Up to now we have been taking actions by randomly sampling from the environment action space, but how is this space even defined and how can we make more informed decisions? 

According to the documentation every environment must have an associated action and observation space. In the case of actions, these are all the valid actions an agent can take and they will have some kind of effect on the environment. In the case of Lunar Lander an action is a combination of two real values in $[-1,1]$. First is the main engine throttle, where -1 is off and $[0,1]$ corresponds to 50% through 100% throttle -- apparently the engine only works above 50%. Second is the lateral engine throttle, with $[-1,-0.5]$ firing the left engine, $[0.5,1]$ firing the right engine, and the remainder indicating no engine should be fired.

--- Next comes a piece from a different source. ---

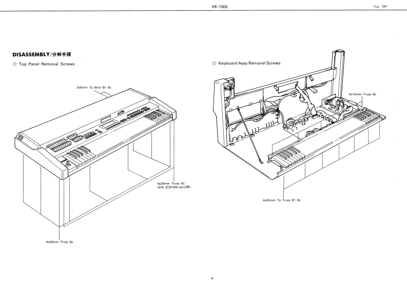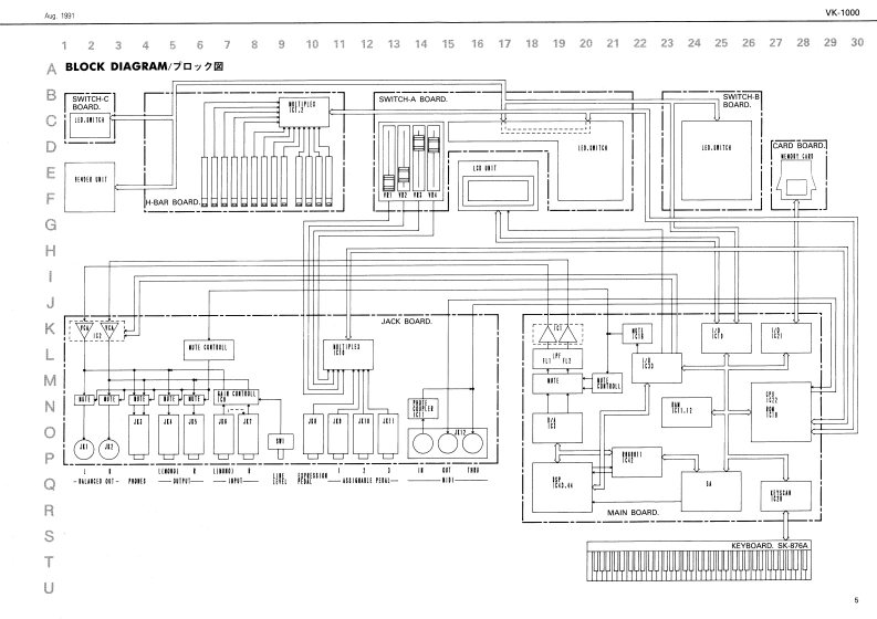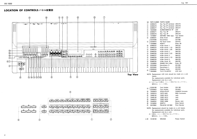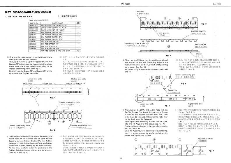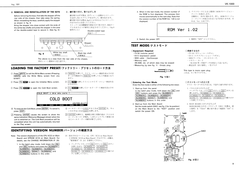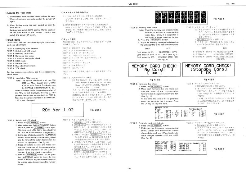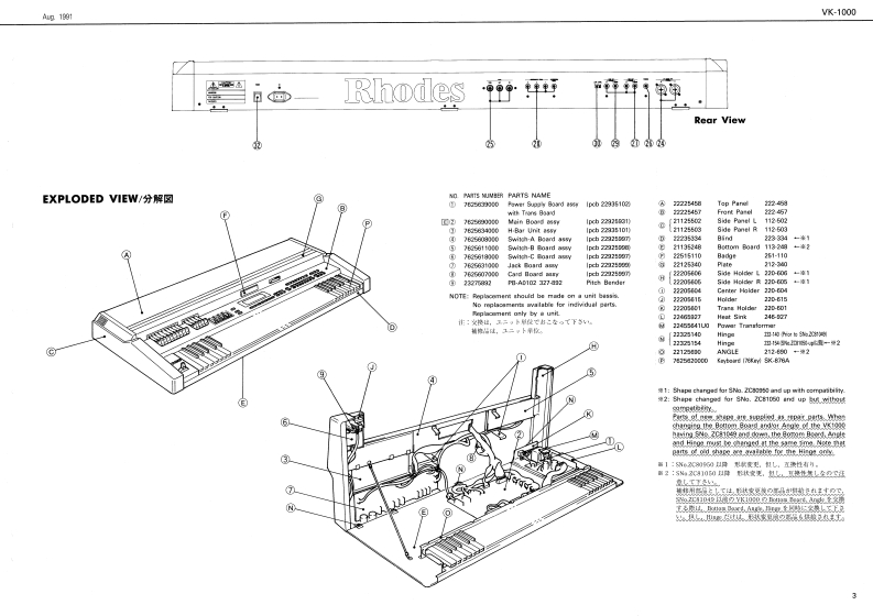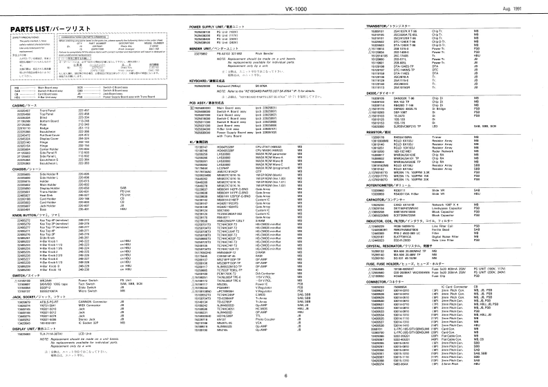 Ag.1图VK-1000RhodesSERVICE NOTESVK-1000First EditionRhodes ORGANTABLE OF CONTENTS目次PageSPEC1 FICATIONS/仕模SPECIFICATIONS....仕OKeyboard75 Keys.E 1o G.with VeloetyLOCATION OF CONTROLS/5来配置回4444一4@8o同nd sourceu3特A5h6n6Ex风ODED VEW…分解回4门写叠++4444444444一444444444444444444444444444414OMemory capatynmalH Parchau队0CKD以GRAM4 AA11C401111100111111口y☒Memory Card IM-254 Patchas月汽月T写1T44444444444444404440411401141年111t9=☑)天卡1OLCD Dsplay-a0¥det backit LCDKEYBOARD PARTS LEST..C0a绿tmLwmn,KFY DSASSEMBLY键粒异解手朝一一…8,9Dlune:max.8 Kaya on prcussios:nermalLOADING THE FACTORY PRESETIDENTIFYING VERSION NUMBER式一罗男之,手上/一00播明方法aa好nable ped1:0价的时·5127川TEST MODEfasignble p6df2:0m时.5127升DATA SAVELOAD-..子-0在-7/D-卡…11w134 asignoble p6ds3:0m时.5127升ADJUSTMENT SPECIRCATIONS-DA ADJUSTMENT·同发仕样“D,A根…1323W1280W.24MMAIN BOARDMAIN BOARD-1415125552011HmSWITCH A BOARDSWITCH-A BOARD…1649-7160W1 x 20-1/21D0 x 4-12IHI inchesCARD BOARDCARD BOARD…16OWeighe220g/80SWITCH C BOARDSWITCH.C BOARD…160Ac就的相结一=Owner'e Manudl Set (loanege)26045611H-BAR UNIT ASS'YH-BAR UNIT ASSY17Owner'e Manwal Set (Englishl269M5I2SWITCH-B BOWRDTB4-R月年题可门4444444-119AC Cord IDetac由h限有0JACK BOARD282100WDC016J01CK BOARD:23496117POWER SUPPLY BOARD ASS'YPOWER SUPPLY BOARD ASSY11VUc-704J01川:1143a112FDWITH TRANS BOARDWITH TRANS DOARD277W摆C28[00:114391]FD240Wt1EJ7G0-02345510x-76ABPL0W-7A8SY1一5K-行6A037PL0W-了AY--…23,SK-876-APCB 2P MID P.7 ASS'Y*0*SK-8T6-APCB 32P MO P-7 ASSY…23,24240WAC415-.00:I3432g14f0SK37港AP℃B12PH州P7AS8Y-*4=gK-87总-A812p相p.7Ag8Y--一…23.2Aud o Cable (PJ-1MICHANGE INFORMATIONRS-ED IStaedlTROUBLESHOOTING.--....-h号7儿少3一子f5一…一-…26,27M-256E (Mamory Cord28作+110081eteo0a电oneC DATA一C于一yDP.2R6R.FS SU (Pedal SwileNSTAND RS-80R8-8030EV5/10 (Expression PedatPK5 (Dynemie MD PedaDRoland17059613Prined in Jap的aGE0tCRm1
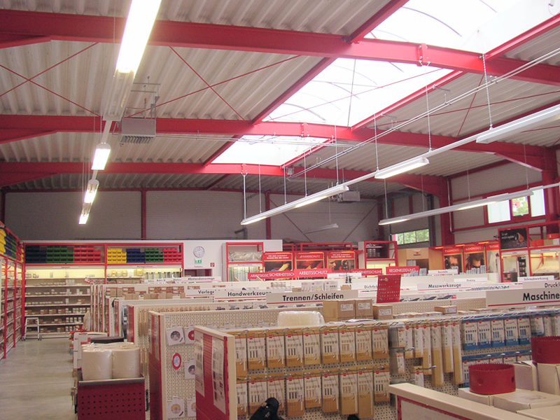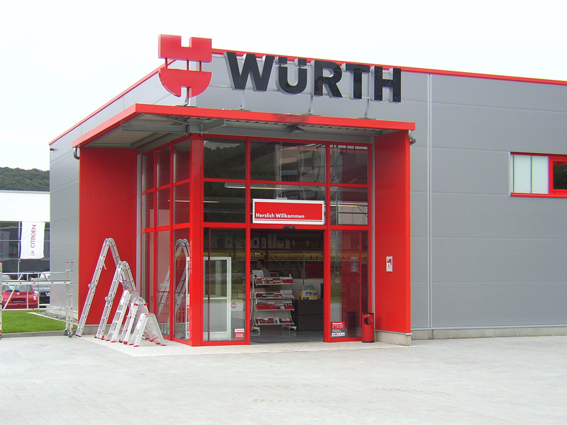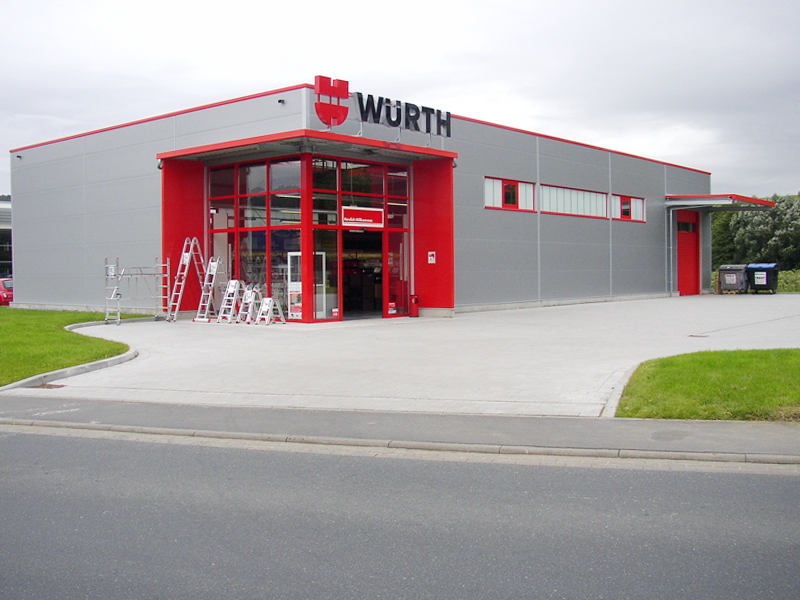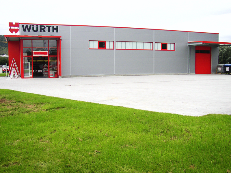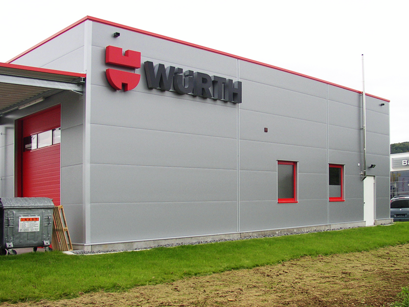 Für die Firma Adolf Würth erstellten wir eine moderne Verkaufhalle mit 440m² Lager- und Verkaufsfläche Verkaufshalle mit 650m² Grundfläche. Die Dacheindeckung besteht aus Stahltrapezpaneelen mit Warmdachaufbau. Im Firstbereich befindet sich 1 Stück Firstlichtband mit RWA-Anlage das gleichzeitig der Ausleuchtung dient.

In the discrete formulation we loose these continuous values and instead are restricted to four states. Main engine fire at full throttle, left eninge fire, right engine fire, and no engine fire.

Lets validate what we have discussed above.

In [19]:
env = gym.make('LunarLanderContinuous-v2')
action = env.action_space.sample()
print(f'Random Action: {action}')

Random Action: [-0.89128834 -0.42673907]


It looks like the random action we have sampled does not fire any of the engines, so the lander will just continue its current trajectory. Lets try specifying a more interesting action that will have some effect on the environment over a few steps.

In [30]:
o = env.reset()
print(f'Initial observation: {o}\n')
action = np.array([1.0, -.7])
print(f'Action: {action}\n')

for i in range(20):
    o, _, _, _ = env.step(action)
    
print(f'Final Observation: {o}')
env.close()

Initial observation: [ 0.00773897  1.4076171   0.7838566  -0.14682311 -0.00896072 -0.17755531
  0.          0.        ]

Action: [ 1.  -0.7]

Final Observation: [0.16171427 1.4709758  0.6856318  0.31994307 0.1292875  0.40468216
 0.         0.        ]


The action we have taken over 20 steps is to fire the main engine at 100% and fire the left engine. We expect to see the x and y coordinates (first and second values in the array) increase, and this is exactly what happens. We can also see that the horizontal and vertical speeds (the next two values in the array) increase as further verification.

This pretty much sums up everything we need to know about gym, with more of the complicated tasks coming from modeling and training an agent.